Shaheed Mohamed surveyed more than 400 financial advisers in South Africa to identify attributes that financial advisers in South Africa consider when selecting unit trusts for their clients’ portfolios. While the participants in the study were advisers, its findings are relevant to investors, asset managers and product providers.
There are over 1350 locally registered unit trusts in South Africa. Faced with that level of choice, most investors turn to independent financial advisers (IFAs) to make the decisions for them.
An IFA’s existence in the industry is dependent on him or her offering regulatory-compliant advice; yet there is no regulatory blueprint to aid them in their product selection for clients.
So how do advisers make their choices?
Past performance is just one of several factors financial advisers in South Africa say they consider when it comes to choosing which unit trusts to invest in on behalf of their clients. Along with relative performance of the unit trust (to its peer group), risk measures, and the investment style of the manager, these four top attributes account for only 50% of their overall decision. Responsible investing is at the bottom of the list.
Advisers also report that they consider the qualitative aspects of a fund.
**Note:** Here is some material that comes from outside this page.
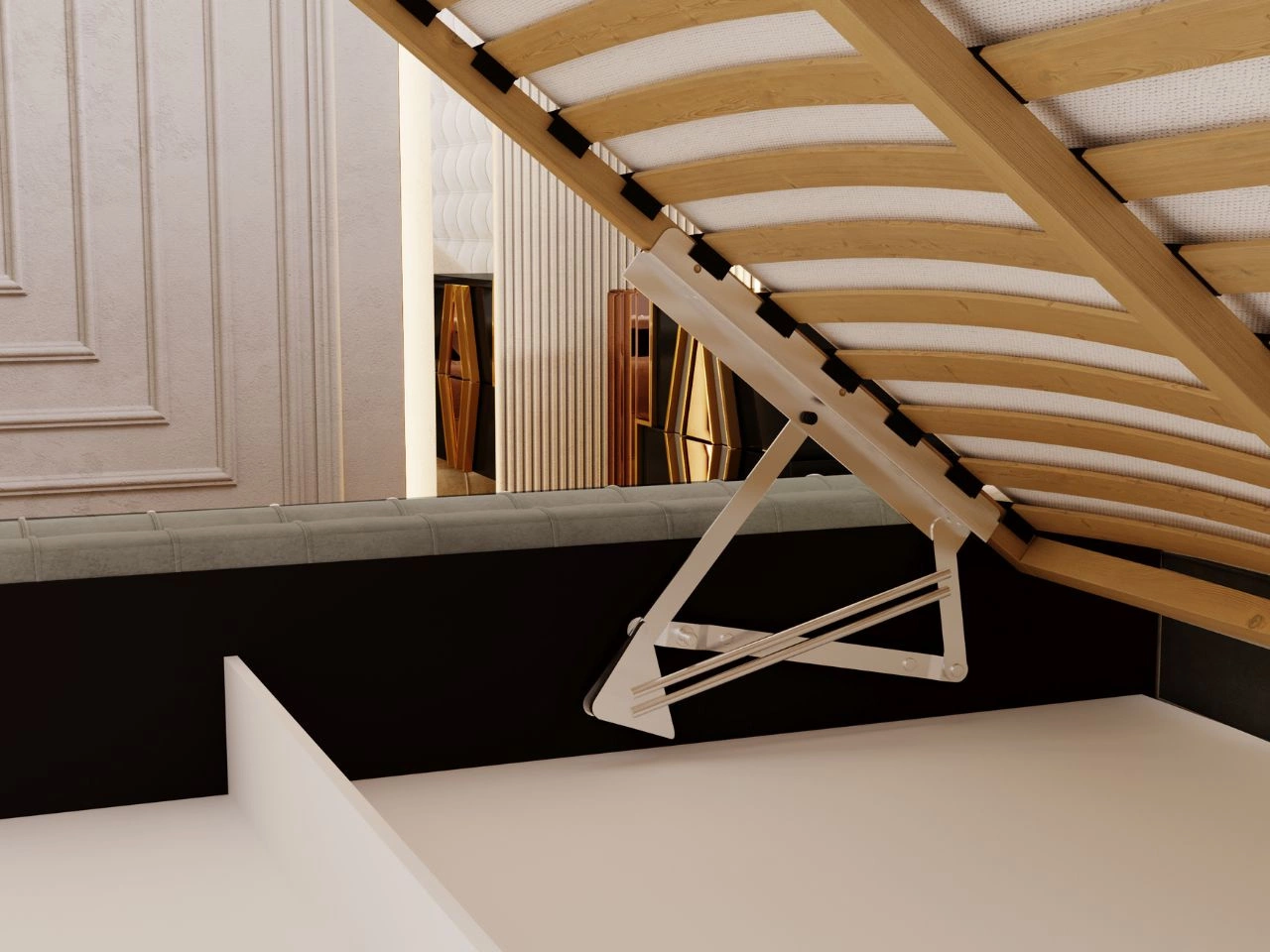 • Łóżko tapicerowane wyposażone w pojemnik na pościel

Examples of this include a consistent investment philosophy, a sound investment process, and an experienced investment team.
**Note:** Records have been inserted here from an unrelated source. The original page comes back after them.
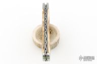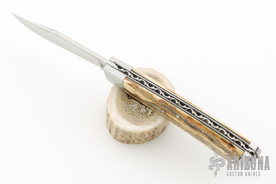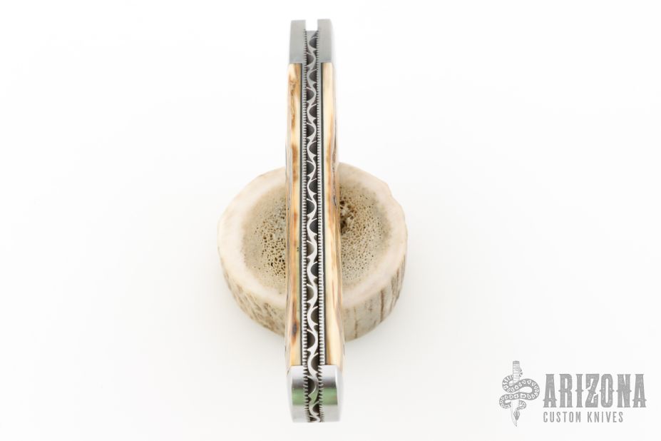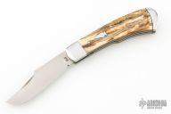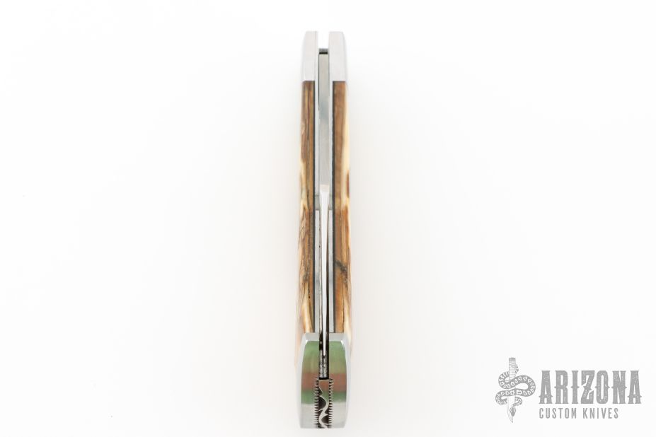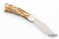 This "Hill Lock" Trapper by Tobin Hill features a hand rub satin finished clip point blade with a nail nick.  The handle features stainless steel bolsters, mammoth ivory covers with black liners and a stainless steel escutcheon, coin edge stainless steel liners, and a file worked stainless steel backspacer connected to the rear bolsters forming the "Hill Lock". Once open, press down on the rear bolsters to release the lock and close the knife. Includes maker's padded zippered case.  Brand New from maker at the 2025 Blade Show West!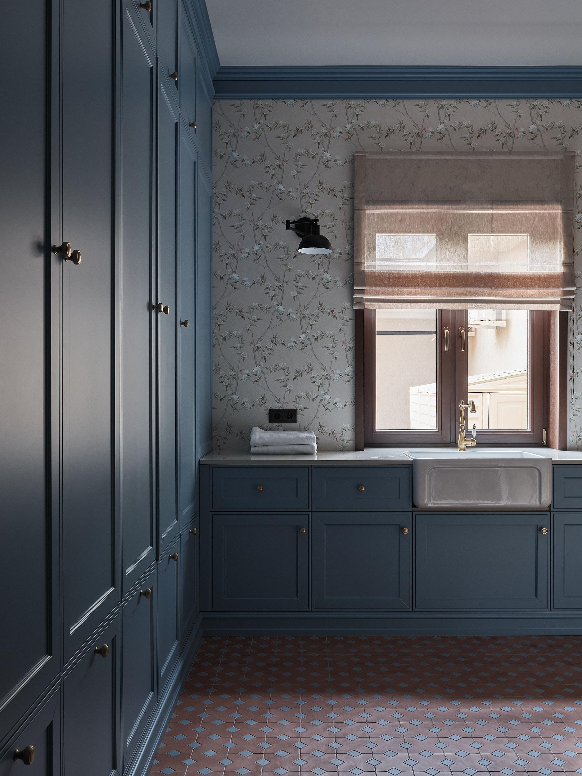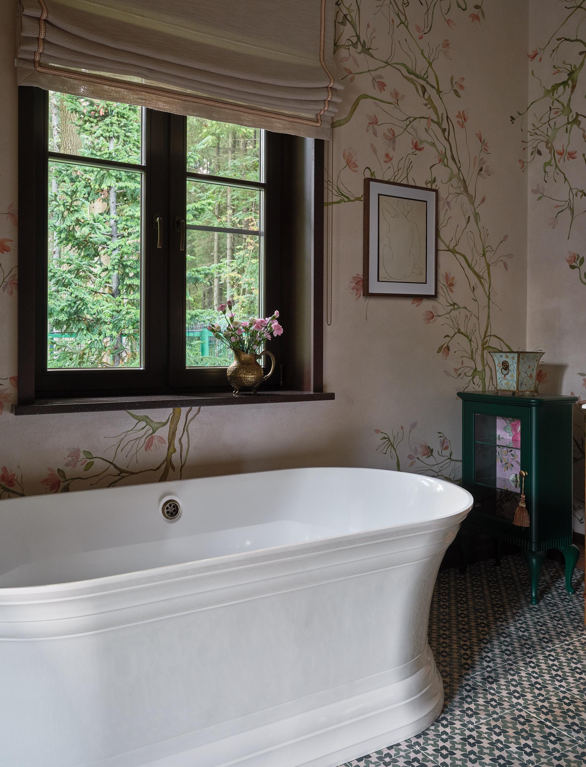 В ванной комнате особое внимание мы уделили деталям — это не просто стерильное функциональное пространство: стены украшены ручной росписью, которая придает интерьеру индивидуальность, утонченность. Изящные цветы обрамляют вид из окна на лес, продолжают природный мотив, делая ванную частью умиротворенного пейзажа. В этом доме всегда ощущается весна — и не важно, зима сейчас или осень, метель или дождь.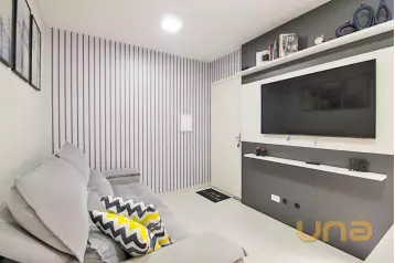 O imóvel possui 55,97m² de área privativa, contando com espaço de sala de estar e jantar, cozinha planejada com área de serviço e 2 quartos com ótimo espaço.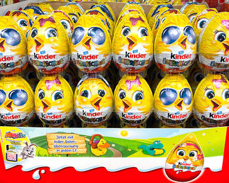 Gelb, laut und niedlich schauen die neuen Küken Überraschungseier aus. Alle Eier haben oben eine Lasche, so dass diese Küken Eier aufgehängt werden können. In den Eiern steckt ein Figurensatz Easter Race.

It is pleasing to see that advisers report placing more of an emphasis on longer, meaningful performance periods rather than shorter periods. However, this is not always reflected in behaviour: We have noticed that in different market cycles, the flows into our funds differ. When we analysed advisers’ clients’ actual behaviour using fund flows data relative to performance they tended to allocate money based on recent performance. Worryingly this sub-optimal investor behaviour was more pronounced among investors in our lower risk Stable Fund than in our Balanced or Equity Funds.
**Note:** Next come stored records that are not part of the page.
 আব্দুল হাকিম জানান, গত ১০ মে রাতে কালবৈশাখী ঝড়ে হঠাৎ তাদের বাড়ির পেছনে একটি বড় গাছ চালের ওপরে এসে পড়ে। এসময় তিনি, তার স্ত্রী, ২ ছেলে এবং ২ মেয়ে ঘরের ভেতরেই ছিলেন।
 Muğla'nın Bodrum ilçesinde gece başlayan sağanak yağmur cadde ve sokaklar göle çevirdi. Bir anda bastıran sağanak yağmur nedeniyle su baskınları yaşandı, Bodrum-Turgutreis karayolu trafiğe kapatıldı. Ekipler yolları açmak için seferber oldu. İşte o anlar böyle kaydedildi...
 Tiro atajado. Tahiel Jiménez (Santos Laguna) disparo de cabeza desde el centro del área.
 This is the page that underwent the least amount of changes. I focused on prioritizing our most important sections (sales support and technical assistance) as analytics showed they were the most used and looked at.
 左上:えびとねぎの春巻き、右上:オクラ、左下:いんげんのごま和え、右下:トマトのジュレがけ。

Looking at relative performance, it is surprising that advisers are not more cognisant of the benchmarks rather than the peer groups – different benchmarks and funds are managed differently across categories.
The study further revealed that ‘growth’ is the investment style of choice, followed very closely by ‘value’. Most trust was placed in managers with tenure of more than seven years, holding a CFA qualification. South African advisers also prefer medium-sized funds for their clients’ portfolios – although it is worth noting that performance is not dependent on size.
It is important to note though that, like fund managers, not all advisers are created equal. Investors should ask the IFA what process is followed when selecting unit trusts for their clients’ portfolios.